There are many different types of partnerships that can be formed between companies, regardless of the size, industry, or location. However, regardless of the type or scope of strategic partnership to be formed between two companies, there are several safeguards that should be set in place in order to ensure it’s successful and will last for years to come.
Key Steps Towards Forming Lasting Strategic Partnerships
- Put pen to paper. To ensure teamwork and collaboration throughout the process, it is crucial to set out clear policies and policies that can be adhered to throughout the relationship. For example, what is the preferred manner of communication (face-to-face meetings, phone calls, video conferences)?

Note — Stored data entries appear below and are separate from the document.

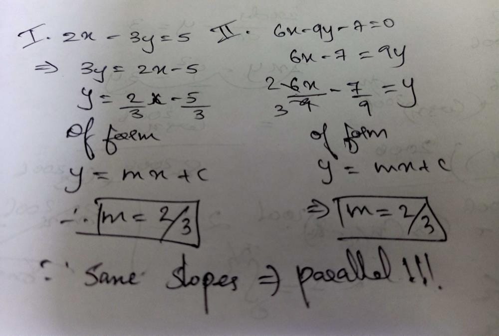 Here you can find the meaning of The lines 2x – 3y = 5 and 6x – 9y – 7 = 0 area)parallelb)coincidentc)perpendiculard)none of theseCorrect answer is option 'A'. Can you explain this answer? defined & explained in the simplest way possible. Besides giving the explanation of The lines 2x – 3y = 5 and 6x – 9y – 7 = 0 area)parallelb)coincidentc)perpendiculard)none of theseCorrect answer is option 'A'. Can you explain this answer?, a detailed solution for The lines 2x – 3y = 5 and 6x – 9y – 7 = 0 area)parallelb)coincidentc)perpendiculard)none of theseCorrect answer is option 'A'. Can you explain this answer? has been provided alongside types of The lines 2x – 3y = 5 and 6x – 9y – 7 = 0 area)parallelb)coincidentc)perpendiculard)none of theseCorrect answer is option 'A'. Can you explain this answer? theory, EduRev gives you an ample number of questions to practice The lines 2x – 3y = 5 and 6x – 9y – 7 = 0 area)parallelb)coincidentc)perpendiculard)none of theseCorrect answer is option 'A'. Can you explain this answer? tests, examples and also practice JEE tests.
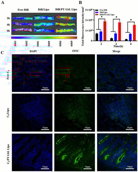 Mediated by the single-pass intestinal perfusion system, Free 1,1′-dioctadecyl-3,3,3′,3′-tetramethylindotricarbocyanine iodide (DiR) suspension, DiR/Lipo, and DiR/PT-LbL Lipo were syringed into the colon loop to mimic the enteric canal transmission in colon peristalsis. As shown in Figure 4A,B, the adhered fluorescence in the Free DiR group was weak and declined rapidly during 6 h of dynamic perfusion. Increased fluorescence was observed on the colon mucus after the administration of DiR/Lipo than Free DiR, with a slow decline in fluorescence. During the 6 h perfusion, the fluorescence intensity in the DiR/Lipo group was maintained. More importantly, the fluorescence intensity on colon mucus in the DiR/PT-LbL Lipo group was evidently much stronger than either the DiR/Lipo or Free DiR at each timepoint (* p < 0.05). Similarly, the fluorescence intensity in the DiR/PT-LbL Lipo group was not notably reduced, indicating that PT-LbL Lipo possessed good adhesion on inflammatory mucosa.
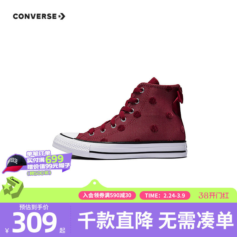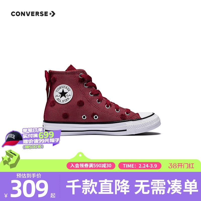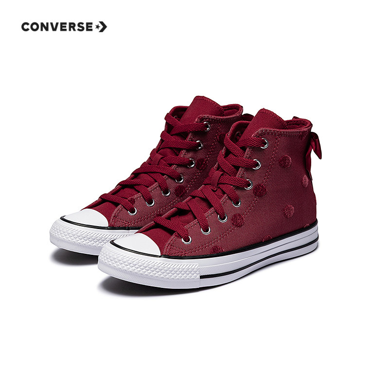 📚 匡威童装女童帆布鞋冬季新款休闲高帮鞋红色复古缓震大童时尚
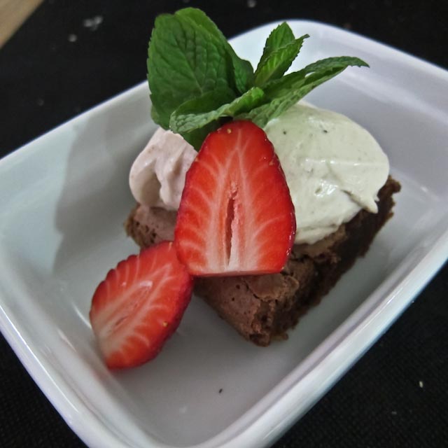 There was only one server in the room and that was Ana. Ana is originally from Rumania and has spent time in Pasadena, California. She has been in Valencia for a number of years now and really likes it, as do her sisters when they come to visit. As each dish came to our table Ana would give us a detailed description of what we were looking at. She also recommended a lovely Valencian red wine that went perfectly with the three dishes we had ordered. She asked if we wanted dessert and we were unable to resist a brownie topped with a praline cream. Coffee was in order and so was a chupito or two. It was close to 4:30 when we pushed back from the table, said our goodbyes and made our way home.
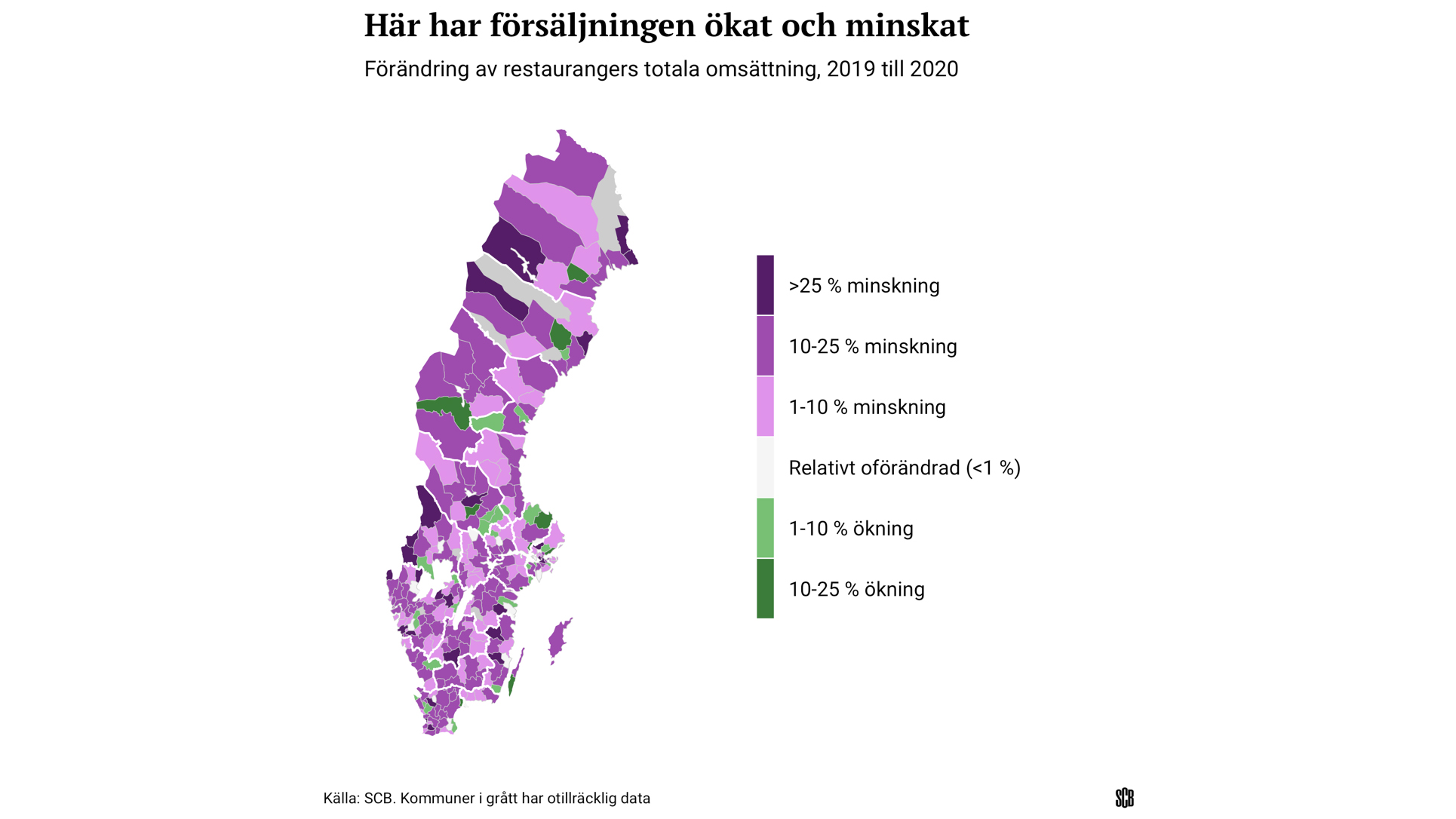 I elva av de femton dalakommuner har restaurangernas omsättningen sjunkit. Enligt SCB har uppgick Dalarnas restaurangers totala försäljning förra året till ungefär 2,5 miljarder kronor. Det är en minskning med 440,9 miljoner kronor jämfört med 2019.

How will each party be compensated (cash vs. product/service), how often will compensation be paid out, what are the factors that affect compensation, etc?
- Create an “agenda” for each meeting. To ensure both parties adhere to defined rules when meeting with each other prior to any meetings taking place. This agenda includes everything from basic information such as who shall present their ideas for trade discussions in meetings
- Set measurable goals and tie them to compensation. In order to ensure the strategic partnership is a success, it is crucial to set absolute goals and tie them to compensation. What are both parties willing to give up in order for them to receive benefits? For example, what can a bank expect in return for investing in a fintech startup?
- Keep communication lines open and honest. One of the most important elements in a strategic partnership is communication. Keeping all communication channels open and honest will only help the partnership grow. Miscommunication can lead to mistrust, which will then undermine the relationship.
- Be open with each other. It is crucial to keep communication lines open and honest between both parties. With both parties being transparent with each other, it helps create a healthier environment for collaboration between them
- Be patient and communicate often. Patience is an essential ingredient for any long term or strategic partnership. Communicating frequently not only helps build trust but will show both parties that they are being taken seriously as well as are valued by their partner(s) if desired compensation is offered.
- Communicate clearly and understand where you’re headed. Ongoing communication is essential in any strategic partnership. By sharing ideas, opinions, and suggestions for improvement with each other allows both parties to understand where the other is coming from. This will help create solutions that satisfy both parties at the end of the day.
- Maintain integrity and be open. Transparency is key in any good partnership. To maintain integrity in the industry, banks should only partner with reputable fintech companies that pass certain criteria
- Be prepared to invest in your partnership. By investing in relationships, you remain committed and develop long lasting partnerships with your partners
- Be realistic with what you can offer and what you can expect from your partner. Understanding the difference between providing a service and selling a product helps both parties understand their role in the partnership.
- Know your goals and stick to them. Understanding your goals for the partnership. Define what you want to achieve and what you are willing to give up.
Though partnerships can be great, there’s no need to rush into one. Most companies will operate just fine without waiting for the right partner and if you do start a partnership with someone it can help to clarify any expectations so things go smoothly and don’t cause problems in the future. Whichever course a business chooses to take, it is prudent to check in with an expert where his capacity is lacking. Fintalent’s freelance M&A Consultants can help determine the suitability of a partner and the viability of any future partnership, set up a proper Transition Management Team and Forecast the most likely outcome of the business’ partnership.